**REQUIREMENT:**
When you retype the data, keep every line exactly as it appears.
━━ AVAILABLE DATA
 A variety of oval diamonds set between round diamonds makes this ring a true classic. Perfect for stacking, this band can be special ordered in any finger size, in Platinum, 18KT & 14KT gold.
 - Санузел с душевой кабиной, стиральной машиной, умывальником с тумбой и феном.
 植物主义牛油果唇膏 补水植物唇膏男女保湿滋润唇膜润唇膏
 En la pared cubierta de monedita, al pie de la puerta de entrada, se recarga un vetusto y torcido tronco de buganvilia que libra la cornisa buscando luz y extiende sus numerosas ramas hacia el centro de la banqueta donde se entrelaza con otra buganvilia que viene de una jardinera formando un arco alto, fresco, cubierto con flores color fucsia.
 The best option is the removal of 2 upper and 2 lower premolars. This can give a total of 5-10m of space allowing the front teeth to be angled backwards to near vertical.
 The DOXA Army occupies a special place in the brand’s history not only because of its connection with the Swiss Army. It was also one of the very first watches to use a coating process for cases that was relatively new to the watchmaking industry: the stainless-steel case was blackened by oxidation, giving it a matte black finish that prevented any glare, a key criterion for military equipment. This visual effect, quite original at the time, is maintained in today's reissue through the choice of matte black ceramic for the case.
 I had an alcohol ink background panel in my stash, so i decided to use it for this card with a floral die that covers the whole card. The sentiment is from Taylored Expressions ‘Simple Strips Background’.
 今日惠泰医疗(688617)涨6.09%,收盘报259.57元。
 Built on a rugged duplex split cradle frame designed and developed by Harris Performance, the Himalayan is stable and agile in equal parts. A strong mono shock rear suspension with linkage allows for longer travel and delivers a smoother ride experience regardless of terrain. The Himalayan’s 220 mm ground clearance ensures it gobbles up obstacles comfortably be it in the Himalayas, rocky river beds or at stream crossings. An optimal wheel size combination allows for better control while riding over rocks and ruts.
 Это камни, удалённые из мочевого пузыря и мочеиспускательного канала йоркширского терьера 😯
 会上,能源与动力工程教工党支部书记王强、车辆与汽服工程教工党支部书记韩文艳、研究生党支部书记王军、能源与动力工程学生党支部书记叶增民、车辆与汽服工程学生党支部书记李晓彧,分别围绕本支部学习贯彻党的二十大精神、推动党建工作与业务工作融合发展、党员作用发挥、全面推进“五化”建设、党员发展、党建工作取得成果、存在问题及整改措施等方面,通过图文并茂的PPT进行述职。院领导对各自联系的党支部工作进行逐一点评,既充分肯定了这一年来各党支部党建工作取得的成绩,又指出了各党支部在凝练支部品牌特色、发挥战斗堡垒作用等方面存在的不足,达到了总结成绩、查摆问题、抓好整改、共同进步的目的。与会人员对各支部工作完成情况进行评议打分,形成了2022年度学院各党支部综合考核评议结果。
━━━━
**EXERCISE ANSWER:**
 A variety of oval diamonds set between round diamonds makes this ring a true classic. Perfect for stacking, this band can be special ordered in any finger size, in Platinum, 18KT & 14KT gold.
 - Санузел с душевой кабиной, стиральной машиной, умывальником с тумбой и феном.
 植物主义牛油果唇膏 补水植物唇膏男女保湿滋润唇膜润唇膏
 En la pared cubierta de monedita, al pie de la puerta de entrada, se recarga un vetusto y torcido tronco de buganvilia que libra la cornisa buscando luz y extiende sus numerosas ramas hacia el centro de la banqueta donde se entrelaza con otra buganvilia que viene de una jardinera formando un arco alto, fresco, cubierto con flores color fucsia.
 The best option is the removal of 2 upper and 2 lower premolars. This can give a total of 5-10m of space allowing the front teeth to be angled backwards to near vertical.
 The DOXA Army occupies a special place in the brand’s history not only because of its connection with the Swiss Army. It was also one of the very first watches to use a coating process for cases that was relatively new to the watchmaking industry: the stainless-steel case was blackened by oxidation, giving it a matte black finish that prevented any glare, a key criterion for military equipment. This visual effect, quite original at the time, is maintained in today's reissue through the choice of matte black ceramic for the case.
 I had an alcohol ink background panel in my stash, so i decided to use it for this card with a floral die that covers the whole card. The sentiment is from Taylored Expressions ‘Simple Strips Background’.
 今日惠泰医疗(688617)涨6.09%,收盘报259.57元。
 Built on a rugged duplex split cradle frame designed and developed by Harris Performance, the Himalayan is stable and agile in equal parts. A strong mono shock rear suspension with linkage allows for longer travel and delivers a smoother ride experience regardless of terrain. The Himalayan’s 220 mm ground clearance ensures it gobbles up obstacles comfortably be it in the Himalayas, rocky river beds or at stream crossings. An optimal wheel size combination allows for better control while riding over rocks and ruts.
 Это камни, удалённые из мочевого пузыря и мочеиспускательного канала йоркширского терьера 😯
 会上,能源与动力工程教工党支部书记王强、车辆与汽服工程教工党支部书记韩文艳、研究生党支部书记王军、能源与动力工程学生党支部书记叶增民、车辆与汽服工程学生党支部书记李晓彧,分别围绕本支部学习贯彻党的二十大精神、推动党建工作与业务工作融合发展、党员作用发挥、全面推进“五化”建设、党员发展、党建工作取得成果、存在问题及整改措施等方面,通过图文并茂的PPT进行述职。院领导对各自联系的党支部工作进行逐一点评,既充分肯定了这一年来各党支部党建工作取得的成绩,又指出了各党支部在凝练支部品牌特色、发挥战斗堡垒作用等方面存在的不足,达到了总结成绩、查摆问题、抓好整改、共同进步的目的。与会人员对各支部工作完成情况进行评议打分,形成了2022年度学院各党支部综合考核评议结果。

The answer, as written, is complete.